• _PROBLEM_:
Could you retype exactly the lines running from the line with "श्रद्धांवर आधारित आहेत." to the end of the data, both included, and nothing else?

═════ DATA IN THIS EXERCISE ═════

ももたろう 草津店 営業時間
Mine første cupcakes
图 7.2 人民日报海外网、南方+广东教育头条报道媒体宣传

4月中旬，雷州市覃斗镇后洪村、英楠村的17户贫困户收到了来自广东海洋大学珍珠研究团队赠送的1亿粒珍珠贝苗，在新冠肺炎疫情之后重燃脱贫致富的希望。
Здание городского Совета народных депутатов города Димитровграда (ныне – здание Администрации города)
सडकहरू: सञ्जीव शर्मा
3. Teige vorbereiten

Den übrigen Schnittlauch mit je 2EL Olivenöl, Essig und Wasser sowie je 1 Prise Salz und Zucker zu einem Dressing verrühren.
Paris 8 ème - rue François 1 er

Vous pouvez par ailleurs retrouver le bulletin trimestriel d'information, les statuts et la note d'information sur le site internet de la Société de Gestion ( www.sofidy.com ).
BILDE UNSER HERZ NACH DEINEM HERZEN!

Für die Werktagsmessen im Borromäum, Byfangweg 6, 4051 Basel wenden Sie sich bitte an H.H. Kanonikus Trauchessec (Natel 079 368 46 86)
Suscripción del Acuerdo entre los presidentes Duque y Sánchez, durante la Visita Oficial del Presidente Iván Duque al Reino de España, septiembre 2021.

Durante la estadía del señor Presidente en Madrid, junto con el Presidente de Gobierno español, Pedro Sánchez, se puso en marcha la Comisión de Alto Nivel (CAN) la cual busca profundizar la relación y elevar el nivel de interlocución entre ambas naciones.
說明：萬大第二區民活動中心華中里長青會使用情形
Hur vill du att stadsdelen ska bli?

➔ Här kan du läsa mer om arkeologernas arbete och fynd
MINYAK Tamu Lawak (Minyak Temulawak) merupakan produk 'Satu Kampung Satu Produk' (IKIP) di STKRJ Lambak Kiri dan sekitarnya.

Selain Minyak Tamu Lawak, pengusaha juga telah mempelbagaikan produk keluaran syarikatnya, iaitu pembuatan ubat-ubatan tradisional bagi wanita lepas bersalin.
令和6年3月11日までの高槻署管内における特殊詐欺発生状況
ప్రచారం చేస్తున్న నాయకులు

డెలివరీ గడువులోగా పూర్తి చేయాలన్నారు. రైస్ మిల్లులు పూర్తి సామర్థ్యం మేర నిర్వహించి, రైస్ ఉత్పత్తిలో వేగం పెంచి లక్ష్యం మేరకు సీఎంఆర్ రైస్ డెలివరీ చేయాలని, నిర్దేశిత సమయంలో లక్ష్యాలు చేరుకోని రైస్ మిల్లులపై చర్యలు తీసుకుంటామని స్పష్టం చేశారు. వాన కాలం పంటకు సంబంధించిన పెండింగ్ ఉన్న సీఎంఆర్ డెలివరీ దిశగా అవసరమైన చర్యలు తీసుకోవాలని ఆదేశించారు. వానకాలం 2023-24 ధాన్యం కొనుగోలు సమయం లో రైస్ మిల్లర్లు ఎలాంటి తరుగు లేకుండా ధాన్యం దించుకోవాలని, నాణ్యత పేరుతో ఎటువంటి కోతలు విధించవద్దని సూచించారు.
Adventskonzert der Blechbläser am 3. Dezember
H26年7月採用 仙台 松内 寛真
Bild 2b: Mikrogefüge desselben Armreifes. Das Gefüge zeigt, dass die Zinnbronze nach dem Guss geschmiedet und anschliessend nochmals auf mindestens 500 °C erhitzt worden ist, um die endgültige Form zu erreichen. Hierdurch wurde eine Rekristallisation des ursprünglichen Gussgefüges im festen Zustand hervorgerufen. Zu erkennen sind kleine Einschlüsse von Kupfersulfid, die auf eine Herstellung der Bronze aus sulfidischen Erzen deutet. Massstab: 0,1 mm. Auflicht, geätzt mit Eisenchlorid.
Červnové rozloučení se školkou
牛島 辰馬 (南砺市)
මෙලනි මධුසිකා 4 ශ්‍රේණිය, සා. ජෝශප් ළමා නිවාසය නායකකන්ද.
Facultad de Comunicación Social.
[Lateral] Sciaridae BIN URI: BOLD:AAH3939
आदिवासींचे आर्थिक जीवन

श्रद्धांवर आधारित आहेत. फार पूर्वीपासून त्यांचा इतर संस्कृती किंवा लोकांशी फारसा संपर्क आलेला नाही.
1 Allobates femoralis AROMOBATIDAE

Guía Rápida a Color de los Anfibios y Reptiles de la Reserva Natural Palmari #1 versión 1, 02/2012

═════

• _TASK RESULT_:
श्रद्धांवर आधारित आहेत. फार पूर्वीपासून त्यांचा इतर संस्कृती किंवा लोकांशी फारसा संपर्क आलेला नाही.
1 Allobates femoralis AROMOBATIDAE

Guía Rápida a Color de los Anfibios y Reptiles de la Reserva Natural Palmari #1 versión 1, 02/2012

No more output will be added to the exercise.